The poor hit by austerity don’t vote, while the rich who benefit do
How can we explain the Conservative victory in last week’s British elections in the context of the austerity measures the Tories have been pushing through since they came to office? Indeed, even if the deficit hasn’t come down near the levels announced by the Coalition, there have been net cuts in social spending since it came to power. Political economy theories usually argue that voters sanction governmnets who cut social benefits. Building on the good ratings for economic competence attributed to the Tories in opinion polls, “austerians” have been trumpeting that this is a vindication of the austerity agenda. The storyline is that austerity works for everyone, unemployment is down, and this is why the Conservative party has triumphed in the polls. However, there is clear evidence that not everybody has been better off under the Coalition austerity plans. These plans have had distinct distributional effects: the poorest households have been hit the hardest, while middle-and higher income households have come out relatively unscathed.

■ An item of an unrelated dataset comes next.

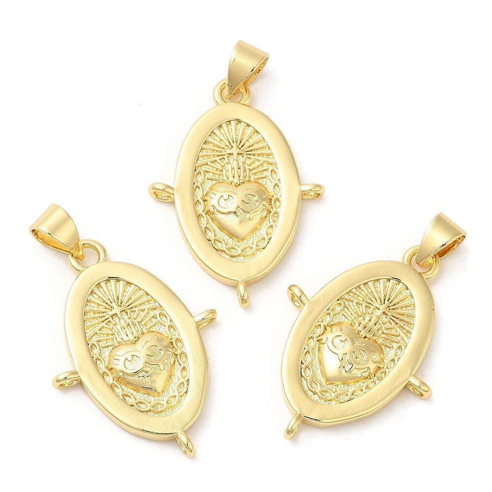 Pendentif cœur sacré 25,5 mm pendentif cœur ex voto plaqué or 18 carats

This victory is interesting because the common wisdom until recently was that politicians would systematically avoid cuts in public spending that would challenge their electoral prospects. This is especially important for welfare programs since the path-breaking analysis of Paul Pierson: people like social programs they are entitled to, and getting rid of them loses votes for incumbents. However, cuts in public spending didn’t hamper the electoral score of the Tories here, and I think this is due to the setup of the British welfare state and the composition of the Tory electorate.
In a nutshell, low-incomes that paid the price for welfare cuts don’t vote, and especially don’t vote Tory, while those on higher incomes for whom lower taxes are more important do vote. After the poll debacle of the election, it appears that it wasn’t “Shy Tories” that were the decisive factor, but potential Labour supporters not bothering to vote. In the graph below, I have put together two measures: the share of net income coming from the state (from here; negative values mean transfers to the state as a share of net income), and the likelihood to vote in the general elections from the British Election Study by income quintile. The latter is not a very good measure because people systematically lie when they say whether they’re going to vote. However, it reports the difference to the average across quintiles on a scale from from 1 to 5. What the graph shows is that people who receive most of their income from the state via social transfers (and who are the most likely to be hit by austerity cuts) are also those that are the least likely to go and vote. By contrast, those who are net contributors to the public budget – and have an interest in cuts to get lower taxes – are those that are the most likely to vote. As I argued elsewhere, higher income quintiles are also much more likely to vote Tory. Hence, austerity could be pursued while limiting a potential backlash because it harms those that don’t vote, and rewards those who do.
Besides this structural tendency observed about everywhere (the poor are much less likely to vote than the rich), this is also connected to some specificities of the British welfare state that make it easier for Conservative governments to retrench social programs without facing electoral sanctions. Because social programs are strongly targeted at the poor via means-testing and flat rates, the middle class basically doesn’t have an interest in welfare. The drop between middle class wages and benefits is simply too large for this group to consider it a valuable safety net. Figure 2 shows how jobseekers’ benefit is set at much lower lowers than in most other European countries. In countries of continental Europe, where the goal of social benefits is not only to preserve a basic safety net for the poor but to maintain middle class incomes in periods of unemployment or sickness, it is much more difficult to retrench benefits because the middle class also benefits from them. This is why you see people taking to the streets in France about every time the government seeks to downsize entitlement or benefit levels. In Britain, cutting them doesn’t cause much of a fuss because those that suffer don’t vote, and the middle class prefers lower taxes to social insurance.
Finally, it must be noted that the schemes that benefit the middle class as well, such as pensions and the NHS, were not cut. Pension spending was ring-fenced by the government (who was probably aware of the much higher turnout of older voters), while NHS spending is meant to increase in the parliament, probably at the expense of schemes benefitting groups with low turnout.